On Tue, Jun 4, 2013 at 5:14 PM, Jerven Bolleman <me@jerven.eu> wrote:

>
>
>
> On Tue, Jun 4, 2013 at 3:47 PM, Michel Dumontier <
> michel.dumontier@gmail.com> wrote:
>
>> Hi Jerven,
>>
>>  First: Bio2RDF's current datasets are listed here:
>>
>> http://bio2rdf.org/datasets
>>
>> as i mentioned, and has been presented [1] those that are in Bio2RDF
>> release 2 have provenance. e.g.
>> http://bio2rdf.org/geneid:123
>>
>> (we did not provide updates to uniprot, genbank, refseq, pubmed in
>> release 2, and they won't have provenance associated with them).
>>
>>
>> Yes, I agree that the provenance of an assertion is more interesting, and
>> we are working towards implementing this for Bio2RDF. But if you were
>> worried about adding 1.6 billion relations, you'll be more worried about
>> adding 8 billion more to annotate each triple.
>>
> No it's only 16 graph id's ;) at least on the SPARQL endpoint. Using
> reification we would add 4*8 billion triples ...

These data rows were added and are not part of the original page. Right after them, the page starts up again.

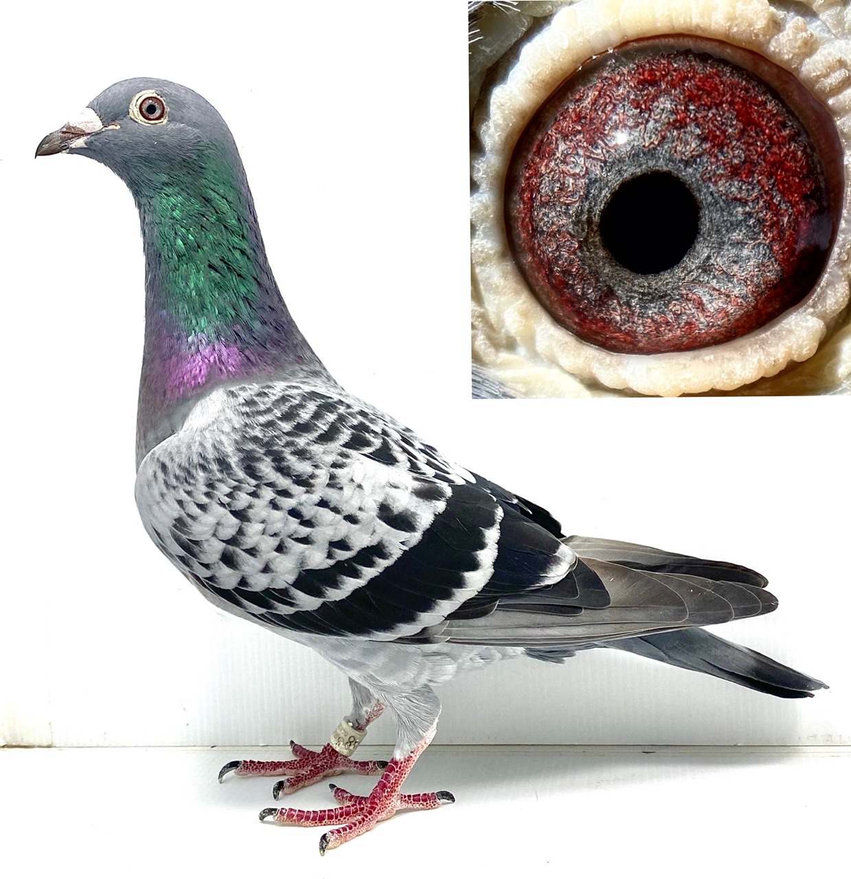 好友冠军赛鸽手Nick赠送长距离种雌,本身900公里当日归巢,当日仅有3余归巢鸽全部是Nick的鸽子,这只雨点雌鸽带伤勇猛归来,Nick留下做种并做育出很多联合会入赏后代。胡本X澳洲长距离铁血
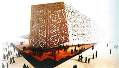 波蘭館外形抽象且不規則,表面布滿鏤空花紋,仿若民間剪紙,使參觀者獲得有趣的視覺體驗:色彩變幻的光線穿過剪紙圖案在館內營造一種明暗錯落的效果。
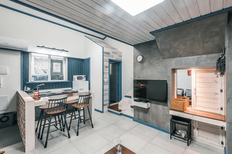 제주 로맨스파파의 전 객실 (빌라) 은 모두 바다를 마주 보고 일렬로 서 있는 똑같은 구조의 건물이다. 1층은 부엌 및 거실, 2층은 더블베드가 갖추어진 다락방 구조로 되어 있다. 앉아서 바깥 풍경을 보며 휴식을 취할 수 있는 공간 또한 2층에 마련되어 있으니, 따로 카페에 갈 필요 없이 분위기를 만끽할 수 있다.
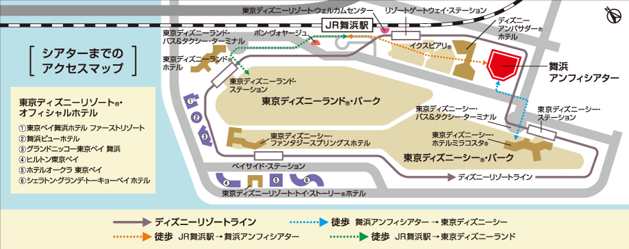 電車:JR京葉線・武蔵野線「舞浜」駅南口よりイクスピアリ館内、
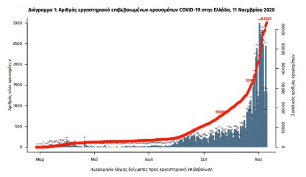 Έτσι, ο συνολικός αριθμός των κρουσμάτων είναι 63. 321, εκ των οποίων το 54.2% άνδρες, ενώ 4.556 (7.2%) θεωρούνται σχετιζόμενα με ταξίδι από το εξωτερικό και 17.036 (26.9%) είναι σχετιζόμενα με ήδη γνωστό κρούσμα.
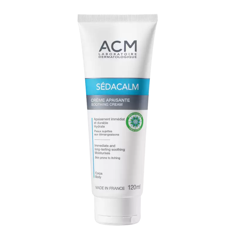 La crème apaisante Sédacalm soulage rapidement les sensations de démangeaisons dès la 1ère application et de façon durable. Grâce à son complexe unique apaisant X-CALM, elle procure un effet fraicheur immédiat + un effet calmant durable. Sa galénique enrichie en actifs émollients répare la barrière cutanée, protège la peau et restaure sa souplesse.
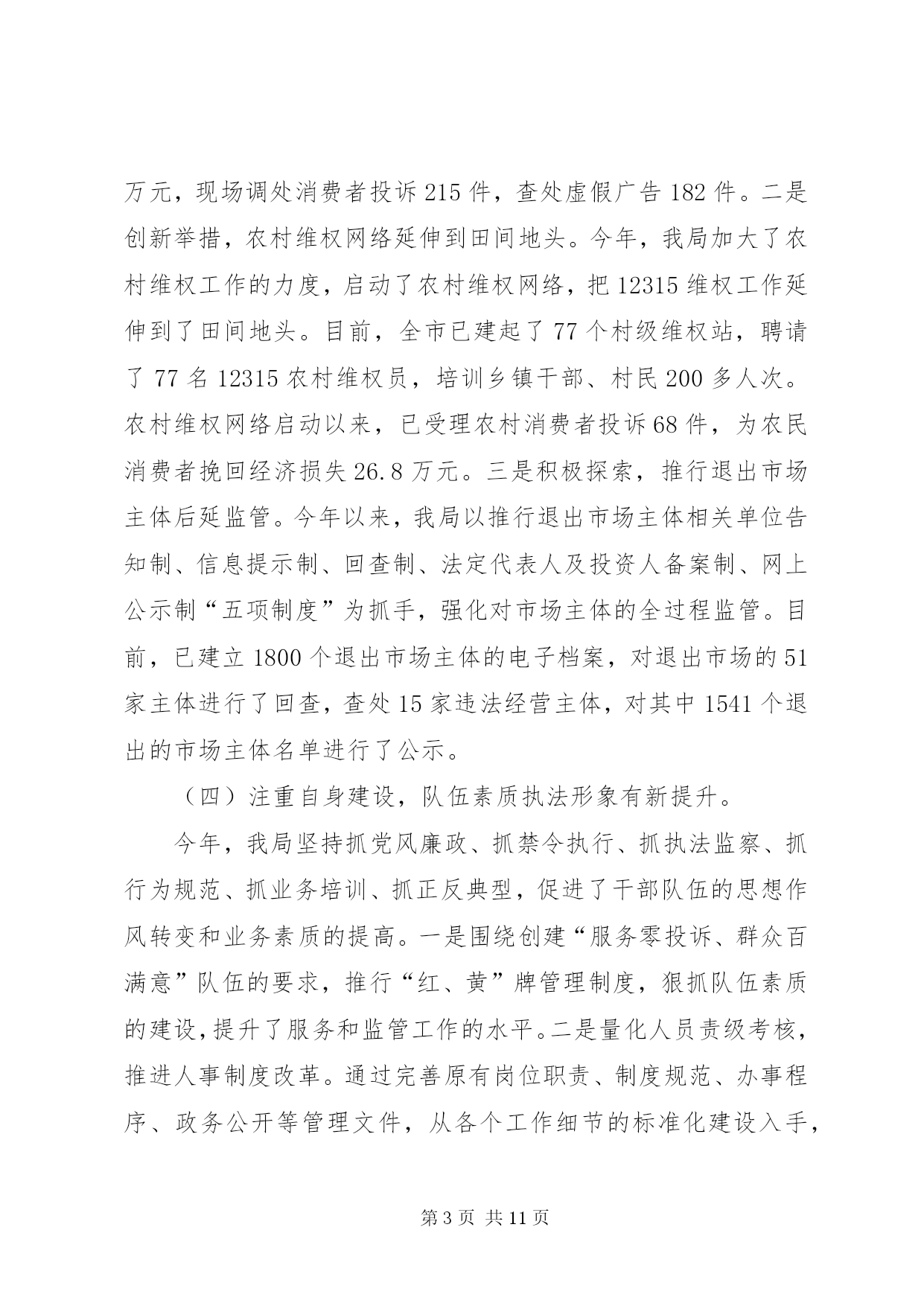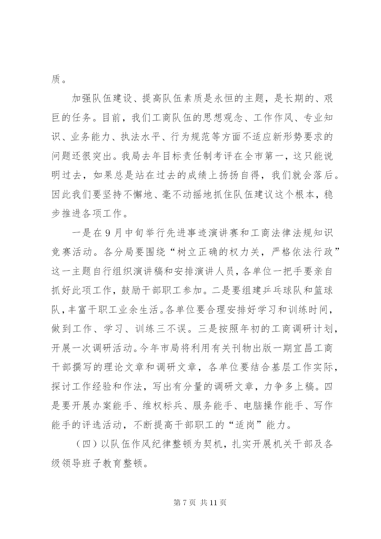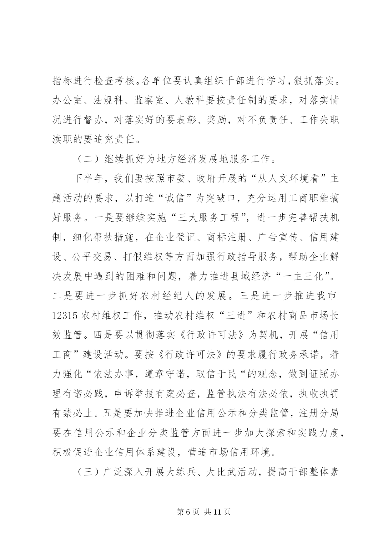 第PAGE\*Arabic\*MERGEFORMAT11页共NUMPAGES\*MERGEFORMAT11页市工商系统半年总结会议讲话同志们:这次会议主要是传达贯彻省、市工商局长会议精神,总结上半年的工作,安排部署下半年工作任务。下面,我讲几个方面的意见:一、充分肯定上半年工作成绩,认识存在的主要问题上半年,我局按照年初市局工作会议、3月份财务工作会议、4月份党风廉政建设工作会议的部署,紧紧围绕服务中心工作、拓宽监管领域、人事制度改革等主题,全面推进了各项工作,截至6月底,实现行政性收费314.5万元,完成全年预算480万元的66%;罚没款完成87.8万元,完成全年预算86万元的102%。(一)注重发展主题,服务地方经济发展有新思路。今年以来,我局凸显服务发展主题,在优化登记服务、延展商标服务、拓宽消费维权、积极培育市场上进一步优化服务举措,大力实施市场主体“踏进门槛”时的亲情服务工程、市场主体成长初期时的引导服务工程和市场主体发展壮大时的提升服务工程等“三大服务工程”,有力地促进了地方经济的发展,得到了市及两级政府的充分肯定。(二)注重工商职能,营造良好市场秩序有新举措。今年以来,我局进一步加强市场整治力度,探索长效监管机制,实现了监管关口前移。半年查处案件437件,其中一般程序案件157件,万元以上案件15件。一是以强化农资市场整治力度为重点,严厉打击坑农害农行为。截至目前,全市工商系统查处了15起销售过期农药、假冒磷肥等涉农案件,查扣伪劣种子62袋,销毁过期和失效变质农药520件(瓶),涉案金额190万元。二是以实施“食品药品放心工程”为重点,严厉打击制假售假违法行为。全局共抽查食品260批次,查处各类相关案件35件,查获违法水产品365公斤,肉制品500公斤,乳制品2200公斤,其它食品500多公斤。三是以实施“夏季风暴行动”为重点,深入开展反欺诈、反仿冒战役。我局对市超市有限公司等18家商店及服装超市利用广告虚假宣传、销售假冒名牌商品的行为进行了立案查处,涉案金额10余万元,查获假冒伪劣服装4200件。四是以实施《省合同监督条例》为重点,严厉打击合同欺诈行为。3月份,我局连续查处两起合同案件,有效促进了监管职能到位。(三)注重工作创新,积极探索监管方式改革有新突破。为了适应监管社会主义大市场的要求,真正实现监管职能到位,我局进一步解放思想、更新观念,不断推进工商行政管理工作的改革和创新。一是加大力度,实施非工作时段市场巡查效果明显。今年,我局制定出台了《非工作时段市场巡查办法》,促进了监管职能到位。通过非工作时段巡查共查办案件364件,规范经营行为423起,取缔无照经营156起,补收各种规费20余万元,现场调处消费者投诉215件,查处虚假广告182件。二是创新举措,农村维权网络延伸到田间地头。今年,我局加大了农村维权工作的力度,启动了农村维权网络,把12315维权工作延伸到了田间地头。目前,全市已建起了77个村级维权站,聘请了77名12315农村维权员,培训乡镇干部、村民200多人次。农村维权网络启动以来,已受理农村消费者投诉68件,为农民消费者挽回经济损失26.8万元。三是积极探索,推行退出市场主体后延监管。今年以来,我局以推行退出市场主体相关单位告知制、信息提示制、回查制、法定代表人及投资人备案制、网上公示制“五项制度”为抓手,强化对市场主体的全过程监管。目前,已建立1800个退出市场主体的电子档案,对退出市场的51家主体进行了回查,查处15家违法经营主体,对其中1541个退出的市场主体名单进行了公示。(四)注重自身建设,队伍素质执法形象有新提升。今年,我局坚持抓党风廉政、抓禁令执行、抓执法监察、抓行为规范、抓业务培训、抓正反典型,促进了干部队伍的思想作风转变和业务素质的提高。一是围绕创建“服务零投诉、群众百满意”队伍的要求,推行“红、黄”牌管理制度,狠抓队伍素质的建设,提升了服务和监管工作的水平。二是量化人员责级考核,推进人事制度改革。通过完善原有岗位职责、制度规范、办事程序、政务公开等管理文件,从各个工作细节的标准化建设入手,以标准化促进规范化,提高整体监管水平和监管效能。三是强化亮点宣传,凸显部门形象。上半年,我局进一步加大了信息宣传力度,以《工商视线》专栏节目、工商行政管理简报和“红盾信息网”为载体,全方位宣传我局的亮点工作,确保亮点亮了起来。今年的农村维权网络建设、实施三大服务工程、非工作时段市场巡查等亮点工作都得到了上级的肯定。在充分肯定成绩的同时,我们也看到了存在的问题。一是没有很好履行市场监管执法职能,还存在不少薄弱环节,对市场监管的长效监管探讨不够,对重要商品的监管主动防控不足;二是目前队伍的思想观念、工作作风、方式方法和业务素质还不适应形势和任务的要求,违反各级禁令、

> But with trix or n-quads dumps we would not need these triples as again we
> would do provenance on a graph level.
> Which I disagree with the MUST qualification not with a MAY qualification
> in the standard.
>
>
>>
>> m.
>>
>> [1]
>> http://www.slideshare.net/micheldumontier/bio2rdf-release-2-improved-coverage-interoperability-and-provenance-of-linked-data-for-the-life-sciences
>>
>>
>>
>>
>> On Tue, Jun 4, 2013 at 3:23 PM, Jerven Bolleman <me@jerven.eu> wrote:
>>
>>>
>>>
>>>
>>> On Tue, Jun 4, 2013 at 3:05 PM, Michel Dumontier <
>>> michel.dumontier@gmail.com> wrote:
>>>
>>>>
>>>>
>>>>
>>>> On Tue, Jun 4, 2013 at 2:40 PM, Jerven Bolleman <me@jerven.eu> wrote:
>>>>
>>>>>
>>>>>
>>>>>
>>>>> On Tue, Jun 4, 2013 at 11:36 AM, Alasdair J G Gray <
>>>>> Alasdair.Gray@manchester.ac.uk> wrote:
>>>>>
>>>>>>
>>>>>> On 3 Jun 2013, at 17:51, Michel Dumontier <michel.dumontier@gmail.com>
>>>>>> wrote:
>>>>>>
>>>>>> About void:inDataset I personally don't like it. I suspect it would
>>>>>>> cost me a 13% growth in triple size for negligible benefits. This also
>>>>>>> means that the dataset description starts to affect the data. Although I
>>>>>>> could only present this in the rest / linked data interface and not in the
>>>>>>> sparql endpoint. I am worried that I can not put it into the FTP data dump
>>>>>>> rdf. As the data item concept does not map 1:1 on a set of triples that are
>>>>>>> atomic.
>>>>>>>
>>>>>>>
>>>>>> i'm not sure that i completely understand your objection. the primary
>>>>>> use of void:inDataset is to link data items to the dataset description, and
>>>>>> as such supports linked data applications without looking at the graph for
>>>>>> a potential, but un-guaranteed provenance description. Using void:inDataset
>>>>>> is normal practice in the RDF / linked data community. It would be strange
>>>>>> to not include it in any RDF dataset if you have the dataset description.
>>>>>>
>>>>>> http://www.w3.org/TR/void/#backlinks
>>>>>>
>>>>>>
>>>>>>
>>>>>>> e.g. someone can use just the UniProtKB sequences. Once they did
>>>>>>> that is it still the same dataset that I published it as? I don't think so.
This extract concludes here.